Monday, June 25, 2007

The “X” In Office 2007

What’s with the “x”?

The file formats for Office 2007 will use XML and ZIP. The Office 2007 suite files will have default file extensions with “x” after their “old” file extensions—so, for example, .doc and .xls become .docx and .xlsx.

Why is XML used in Office?

Using XML, documents consisting of structured information as content will have some indication of what role that content will perform. XML-based file formats will aid in smooth data interoperation, data management and security, recovery of data, and, of course, reduced file sizes.



How are these different?

Office XML documents will be backwards-compatible with previous versions of the suite. Office XML file formats are ZIPcompressed as a ZIP container, which results in reduced file sizes and improved data recovery with corrupted files. Since the Office XML file formats are platformindependent, any non-Microsoft application such as XML-Broker can be used to process them.

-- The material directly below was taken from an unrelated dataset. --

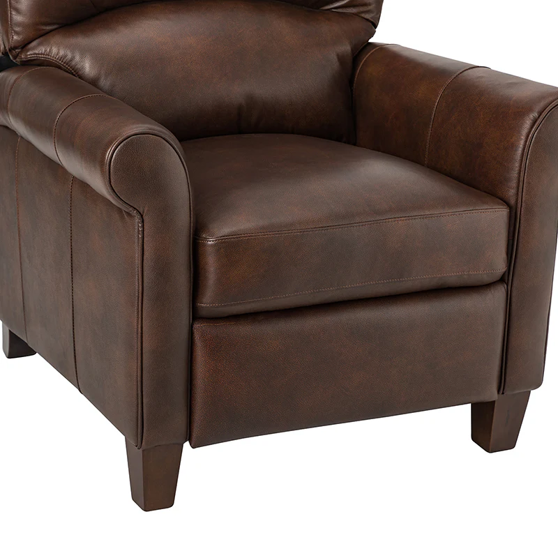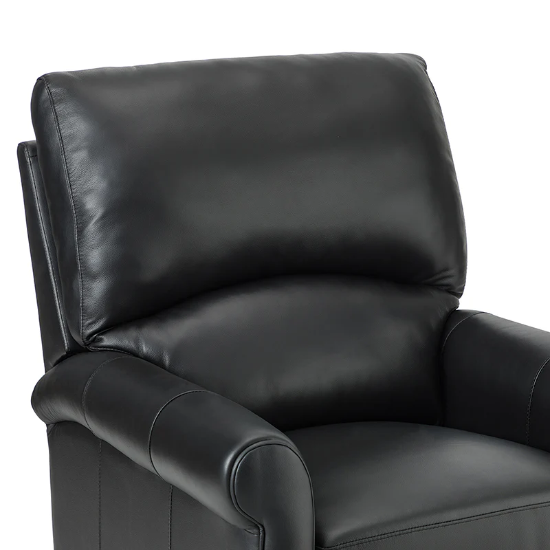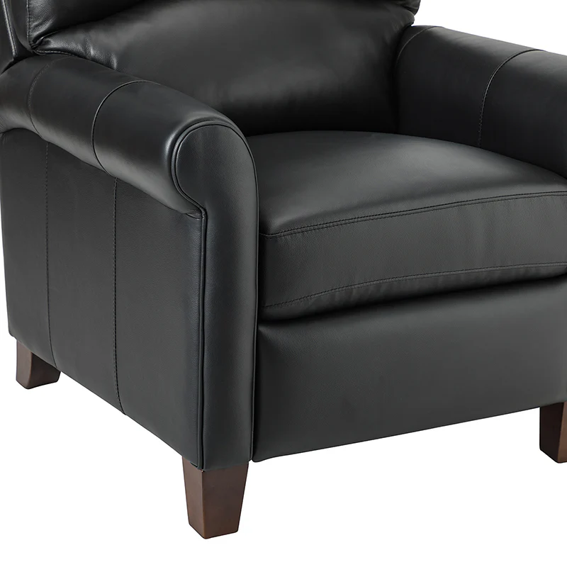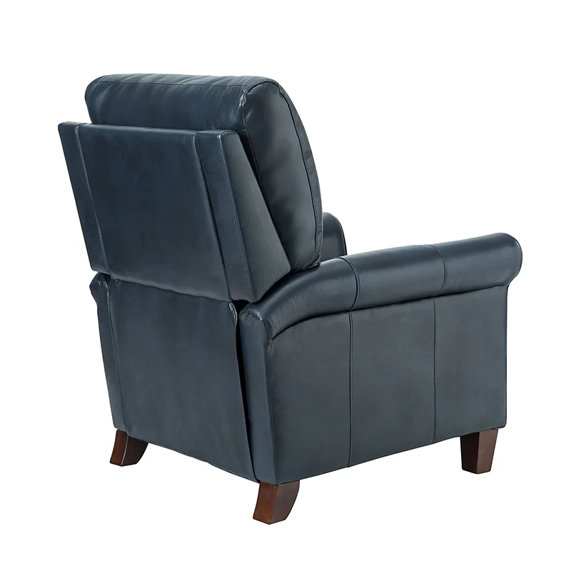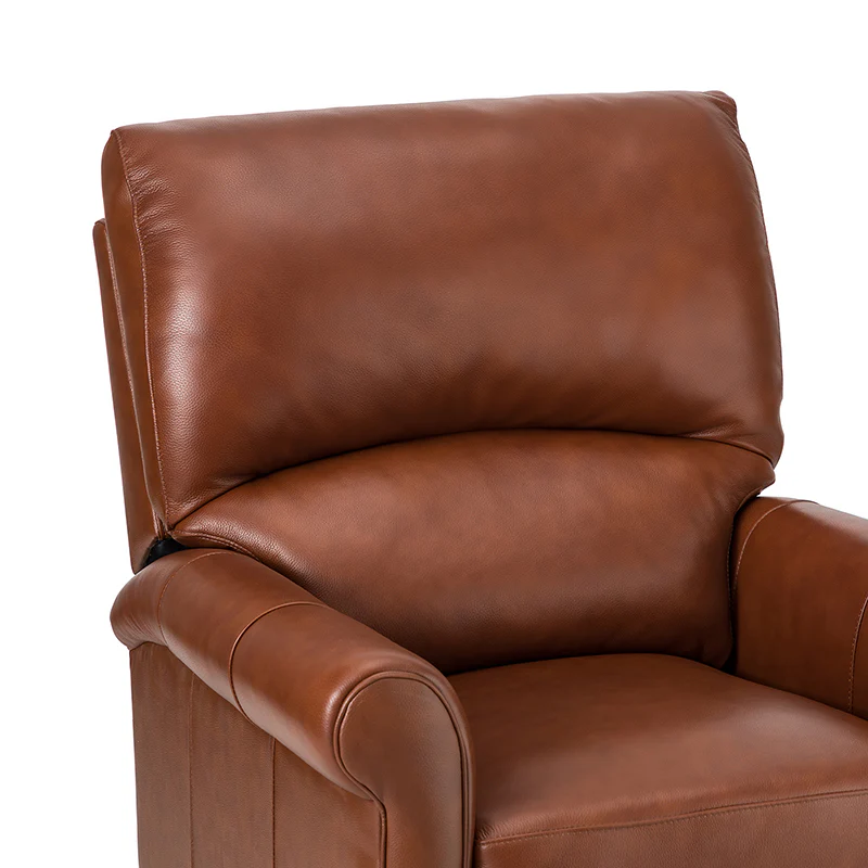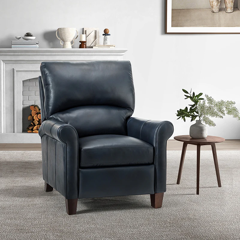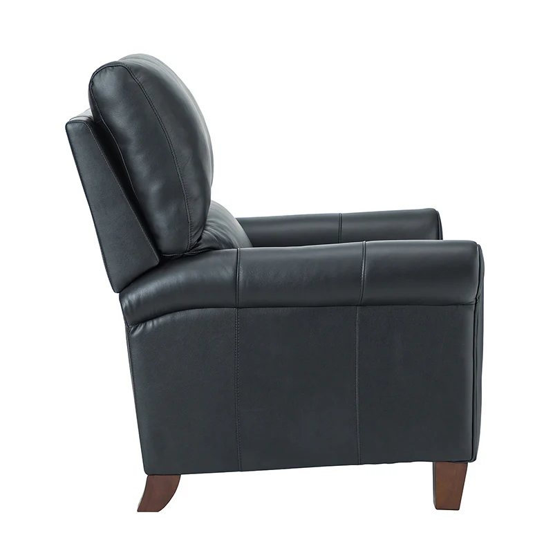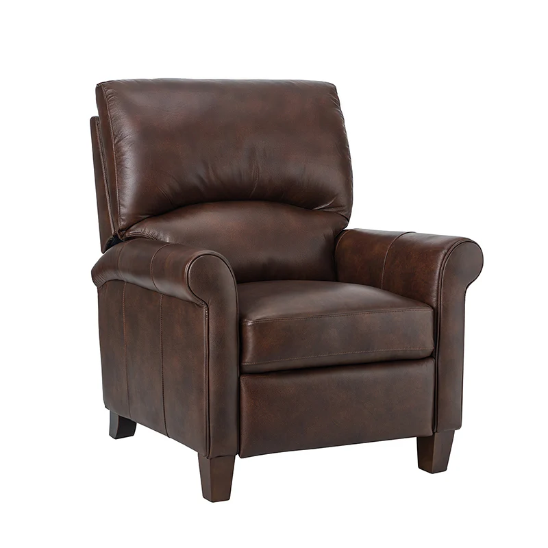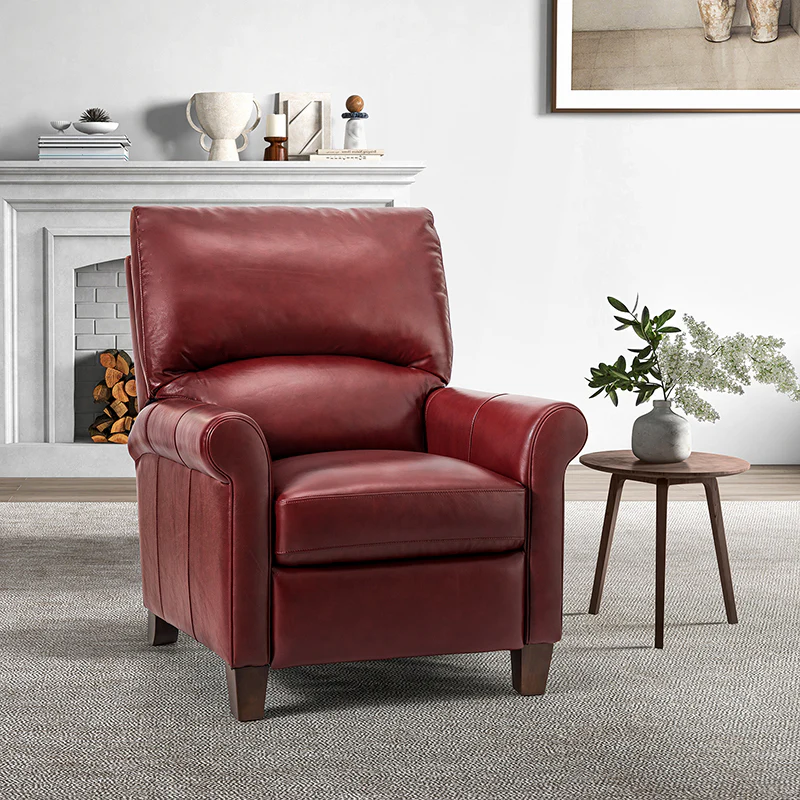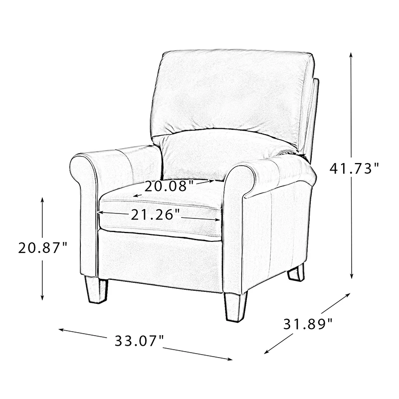 This recliner combines modern and light luxury elements. This recliner fits in whether it's your living room, office, home office, or study. Let you enjoy everything the room has to offer. This piece is outfitted with solid wood legs and a hardwood frame for ensured strength and stability as well as a natural rustic aesthetic. Enjoy a sturdy foundation with a traditional look that fits wonderfully in a variety of settings. A sturdy, supportive seat cushion balances softness and durability, making any room or home office feel more comfortable and inviting. Moreover, all seating area is upholstered with genuine leather. You can use your body to touch the skin-friendly experience of genuine leather. The recliner will relax every cell in your body and improve the quality of your daily life and rest. You can relax by reclining immediately when you push forward. The recliner makes an easy addition to any room as a captivating, versatile piece of decor.
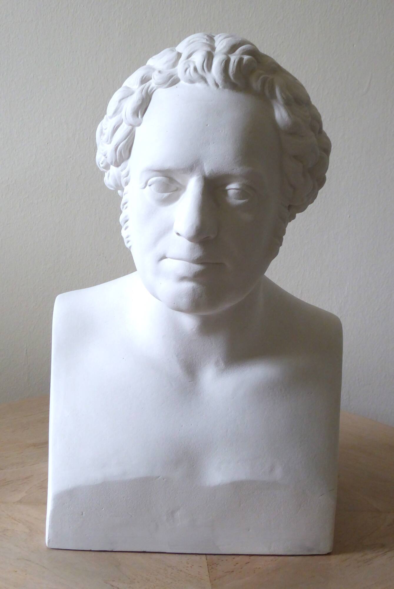 DescriptionDer evangelische Tübinger Kirchen- und Dogmenhistoriker Ferdinand Christian Baur (1792–1860) begründete um 1826 die bekannte jüngere, also evangelische, Tübinger Schule der Theologie und führte die historisch-kritische Methode in die neutestamentliche Forschung ein. Von Baur existieren bislang nur wenige Porträts: Ein Stahlstich mit einem Bildnis um 1830 stammt vom Tübinger Christoph Friedrich Dörr (1782–1841); eine zweite Graphik, ebenfalls in Stahl gestochen, wurde von Timothy Stansfield Engleheart (1803–1879) gearbeitet. In der bekannten, großen Tübinger Professorengalerie existiert ein von Emil Kornbeck (1818–1959) 1856 erstelltes Ölgemälde Baurs. Auch dieses Gemälde hängt im Dekanat der Evangelischen Fakultät der Universität Tübingen. Allerdings findet sich bisher kein Hinweis auf eine Büste von Ferdinand Baur in der einschlägigen Literatur. Schon allein aus diesem Grund verdient der Tübinger Gipsabguss Beachtung – selbst, wenn er nicht als erstklassig bezeichnet werden kann. Sicherlich wurde der Abguss nach einem Original angefertigt, von dem aber jede Spur fehlt. Standort: Theologicum, Liebermeisterstraße 12, Dekanat

Where does “m” fit into this?

Office 2007 documents saved in Office XML format will not contain any type of code or automation files, which can therefore never be unexpectedly executed. Documents containing VBA Projects, embedded OLE objects, and other binary files can be saved as macro-enabled files, as in .docm and .xlsm. The container package can be inspected for malicious code without even running an Office application.



Who will benefit?

Users, developers, IT professionals and organisations. The openness of Office XML formats aids in third-party application development, and in the creation of task-oriented documents—like reports, spreadsheets or forms with specifications, instructions, procedures or style guides.